==== DATASET RECORDS
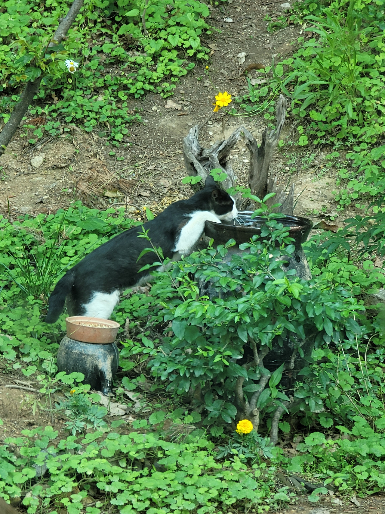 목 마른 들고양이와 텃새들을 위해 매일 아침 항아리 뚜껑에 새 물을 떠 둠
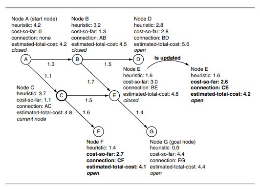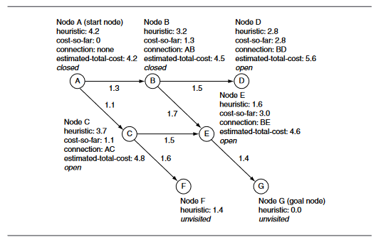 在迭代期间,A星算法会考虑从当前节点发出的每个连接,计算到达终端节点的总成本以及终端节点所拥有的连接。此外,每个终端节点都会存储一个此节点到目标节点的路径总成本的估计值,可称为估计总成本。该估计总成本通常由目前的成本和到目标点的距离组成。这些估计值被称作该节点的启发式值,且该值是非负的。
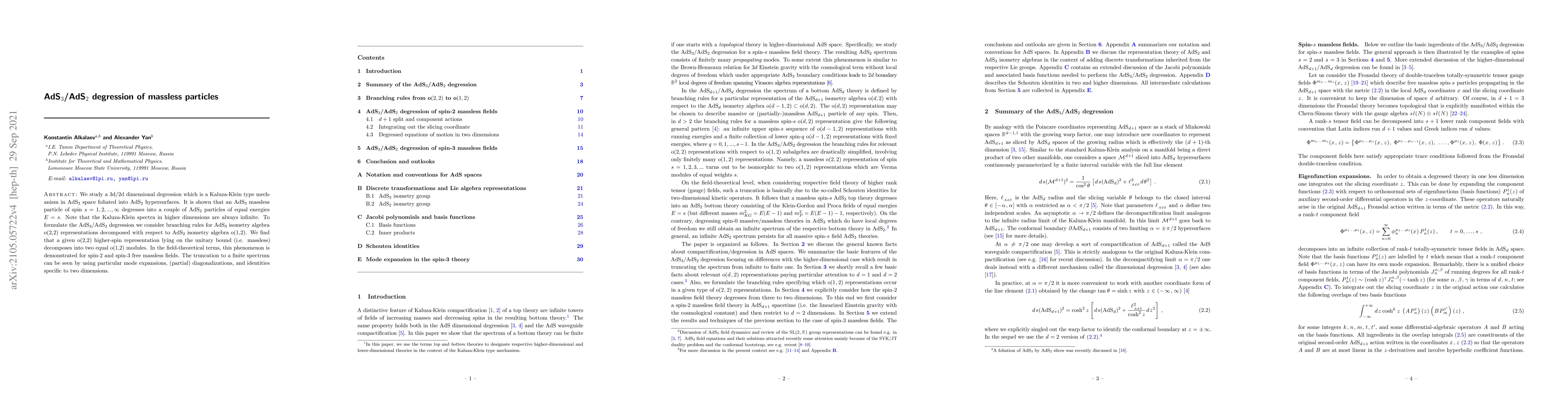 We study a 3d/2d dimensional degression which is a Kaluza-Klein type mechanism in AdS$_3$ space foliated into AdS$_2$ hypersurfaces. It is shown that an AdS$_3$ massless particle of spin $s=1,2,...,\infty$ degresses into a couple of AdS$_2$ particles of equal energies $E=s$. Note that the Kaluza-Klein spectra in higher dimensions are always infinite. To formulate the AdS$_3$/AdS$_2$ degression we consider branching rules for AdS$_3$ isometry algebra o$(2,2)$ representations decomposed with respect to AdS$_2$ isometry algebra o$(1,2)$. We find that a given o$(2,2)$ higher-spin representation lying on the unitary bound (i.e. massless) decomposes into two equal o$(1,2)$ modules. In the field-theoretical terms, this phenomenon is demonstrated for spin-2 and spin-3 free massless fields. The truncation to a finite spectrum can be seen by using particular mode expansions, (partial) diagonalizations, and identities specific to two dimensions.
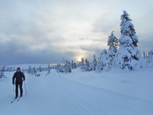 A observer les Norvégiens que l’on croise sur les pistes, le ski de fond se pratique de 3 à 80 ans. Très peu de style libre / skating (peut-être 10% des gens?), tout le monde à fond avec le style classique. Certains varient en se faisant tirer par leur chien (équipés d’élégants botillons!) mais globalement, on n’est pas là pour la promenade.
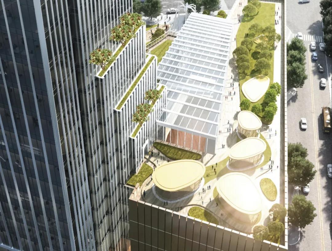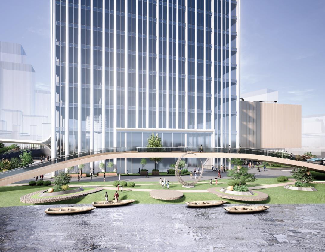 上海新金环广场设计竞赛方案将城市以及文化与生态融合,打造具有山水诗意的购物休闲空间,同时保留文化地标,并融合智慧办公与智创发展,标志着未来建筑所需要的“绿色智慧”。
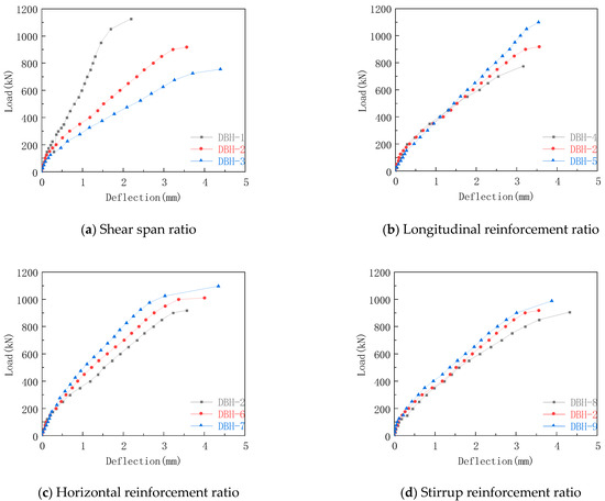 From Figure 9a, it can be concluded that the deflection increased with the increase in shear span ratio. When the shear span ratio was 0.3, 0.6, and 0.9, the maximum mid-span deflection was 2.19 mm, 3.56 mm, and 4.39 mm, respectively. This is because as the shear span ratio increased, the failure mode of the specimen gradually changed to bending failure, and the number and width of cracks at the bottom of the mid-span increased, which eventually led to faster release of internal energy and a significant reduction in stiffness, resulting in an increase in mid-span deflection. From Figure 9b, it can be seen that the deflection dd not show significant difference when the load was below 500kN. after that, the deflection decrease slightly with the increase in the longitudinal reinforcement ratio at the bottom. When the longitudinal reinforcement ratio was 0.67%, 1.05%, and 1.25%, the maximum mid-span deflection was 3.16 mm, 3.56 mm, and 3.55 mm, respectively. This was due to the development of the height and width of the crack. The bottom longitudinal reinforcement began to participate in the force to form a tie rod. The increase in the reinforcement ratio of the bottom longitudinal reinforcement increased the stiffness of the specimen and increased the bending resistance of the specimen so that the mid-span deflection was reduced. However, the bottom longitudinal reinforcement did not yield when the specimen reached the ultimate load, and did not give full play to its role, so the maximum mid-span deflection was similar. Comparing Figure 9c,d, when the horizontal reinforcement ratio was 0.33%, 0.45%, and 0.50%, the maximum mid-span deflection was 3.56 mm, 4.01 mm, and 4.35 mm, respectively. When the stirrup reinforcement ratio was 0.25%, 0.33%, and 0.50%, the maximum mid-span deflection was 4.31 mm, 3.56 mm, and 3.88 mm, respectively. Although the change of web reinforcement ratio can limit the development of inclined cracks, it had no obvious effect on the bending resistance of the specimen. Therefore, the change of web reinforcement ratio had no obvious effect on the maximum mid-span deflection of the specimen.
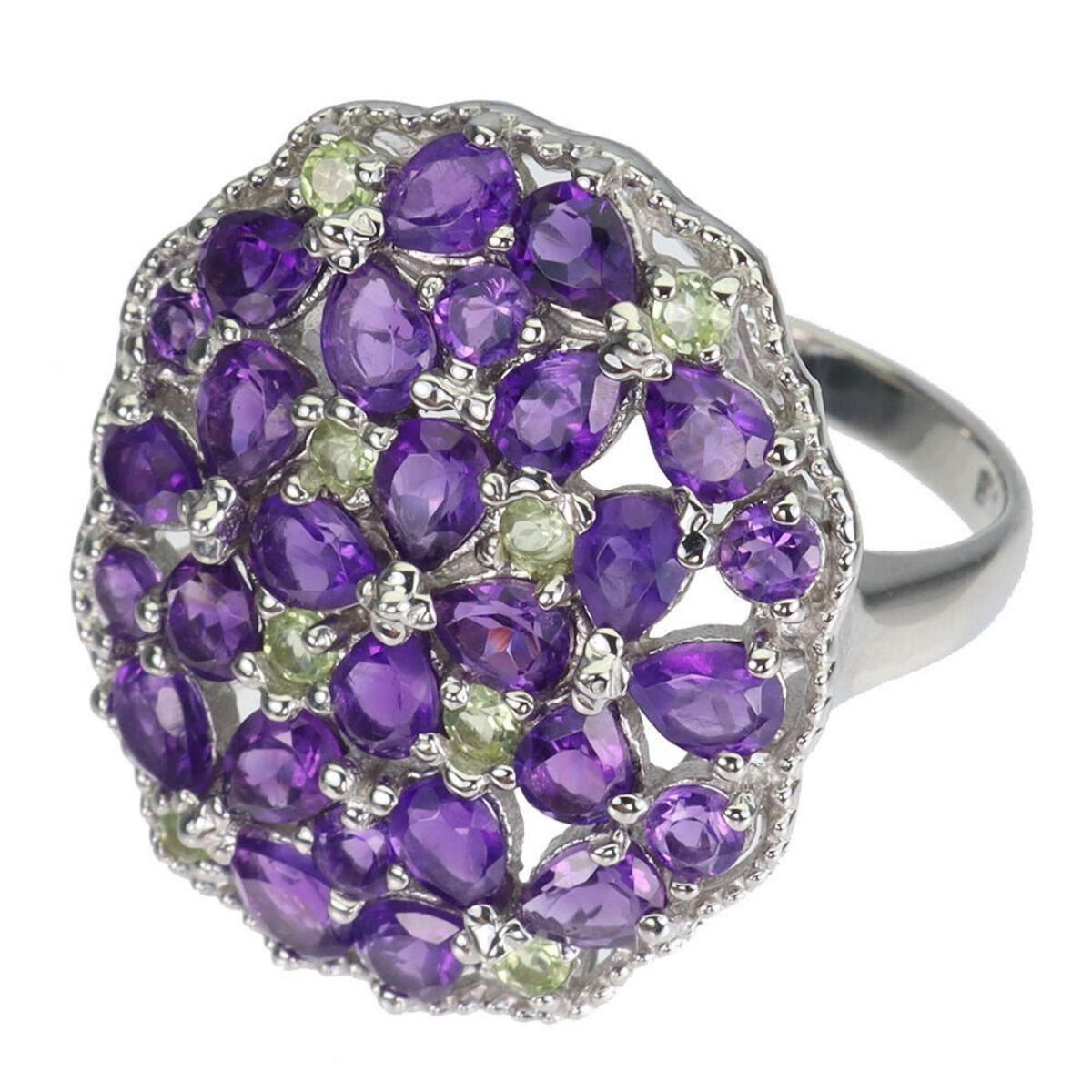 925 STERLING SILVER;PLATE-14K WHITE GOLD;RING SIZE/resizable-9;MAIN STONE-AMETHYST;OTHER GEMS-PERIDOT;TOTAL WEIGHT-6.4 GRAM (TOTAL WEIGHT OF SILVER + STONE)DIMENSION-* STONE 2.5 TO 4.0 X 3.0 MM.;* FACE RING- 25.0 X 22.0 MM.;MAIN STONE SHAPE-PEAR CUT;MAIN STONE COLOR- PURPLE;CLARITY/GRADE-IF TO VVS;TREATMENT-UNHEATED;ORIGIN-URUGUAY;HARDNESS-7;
========
## [GOAL OF THE EXERCISE]
Retype every entry verbatim and exclude the pictures from the copy.

## [OUTPUT FOR THIS EXERCISE]
 목 마른 들고양이와 텃새들을 위해 매일 아침 항아리 뚜껑에 새 물을 떠 둠
 在迭代期间,A星算法会考虑从当前节点发出的每个连接,计算到达终端节点的总成本以及终端节点所拥有的连接。此外,每个终端节点都会存储一个此节点到目标节点的路径总成本的估计值,可称为估计总成本。该估计总成本通常由目前的成本和到目标点的距离组成。这些估计值被称作该节点的启发式值,且该值是非负的。
 We study a 3d/2d dimensional degression which is a Kaluza-Klein type mechanism in AdS$_3$ space foliated into AdS$_2$ hypersurfaces. It is shown that an AdS$_3$ massless particle of spin $s=1,2,...,\infty$ degresses into a couple of AdS$_2$ particles of equal energies $E=s$. Note that the Kaluza-Klein spectra in higher dimensions are always infinite. To formulate the AdS$_3$/AdS$_2$ degression we consider branching rules for AdS$_3$ isometry algebra o$(2,2)$ representations decomposed with respect to AdS$_2$ isometry algebra o$(1,2)$. We find that a given o$(2,2)$ higher-spin representation lying on the unitary bound (i.e. massless) decomposes into two equal o$(1,2)$ modules. In the field-theoretical terms, this phenomenon is demonstrated for spin-2 and spin-3 free massless fields. The truncation to a finite spectrum can be seen by using particular mode expansions, (partial) diagonalizations, and identities specific to two dimensions.
 A observer les Norvégiens que l’on croise sur les pistes, le ski de fond se pratique de 3 à 80 ans. Très peu de style libre / skating (peut-être 10% des gens?), tout le monde à fond avec le style classique. Certains varient en se faisant tirer par leur chien (équipés d’élégants botillons!) mais globalement, on n’est pas là pour la promenade.
 上海新金环广场设计竞赛方案将城市以及文化与生态融合,打造具有山水诗意的购物休闲空间,同时保留文化地标,并融合智慧办公与智创发展,标志着未来建筑所需要的“绿色智慧”。
 From Figure 9a, it can be concluded that the deflection increased with the increase in shear span ratio. When the shear span ratio was 0.3, 0.6, and 0.9, the maximum mid-span deflection was 2.19 mm, 3.56 mm, and 4.39 mm, respectively. This is because as the shear span ratio increased, the failure mode of the specimen gradually changed to bending failure, and the number and width of cracks at the bottom of the mid-span increased, which eventually led to faster release of internal energy and a significant reduction in stiffness, resulting in an increase in mid-span deflection. From Figure 9b, it can be seen that the deflection dd not show significant difference when the load was below 500kN. after that, the deflection decrease slightly with the increase in the longitudinal reinforcement ratio at the bottom. When the longitudinal reinforcement ratio was 0.67%, 1.05%, and 1.25%, the maximum mid-span deflection was 3.16 mm, 3.56 mm, and 3.55 mm, respectively. This was due to the development of the height and width of the crack. The bottom longitudinal reinforcement began to participate in the force to form a tie rod. The increase in the reinforcement ratio of the bottom longitudinal reinforcement increased the stiffness of the specimen and increased the bending resistance of the specimen so that the mid-span deflection was reduced. However, the bottom longitudinal reinforcement did not yield when the specimen reached the ultimate load, and did not give full play to its role, so the maximum mid-span deflection was similar. Comparing Figure 9c,d, when the horizontal reinforcement ratio was 0.33%, 0.45%, and 0.50%, the maximum mid-span deflection was 3.56 mm, 4.01 mm, and 4.35 mm, respectively. When the stirrup reinforcement ratio was 0.25%, 0.33%, and 0.50%, the maximum mid-span deflection was 4.31 mm, 3.56 mm, and 3.88 mm, respectively. Although the change of web reinforcement ratio can limit the development of inclined cracks, it had no obvious effect on the bending resistance of the specimen. Therefore, the change of web reinforcement ratio had no obvious effect on the maximum mid-span deflection of the specimen.
 925 STERLING SILVER;PLATE-14K WHITE GOLD;RING SIZE/resizable-9;MAIN STONE-AMETHYST;OTHER GEMS-PERIDOT;TOTAL WEIGHT-6.4 GRAM (TOTAL WEIGHT OF SILVER + STONE)DIMENSION-* STONE 2.5 TO 4.0 X 3.0 MM.;* FACE RING- 25.0 X 22.0 MM.;MAIN STONE SHAPE-PEAR CUT;MAIN STONE COLOR- PURPLE;CLARITY/GRADE-IF TO VVS;TREATMENT-UNHEATED;ORIGIN-URUGUAY;HARDNESS-7;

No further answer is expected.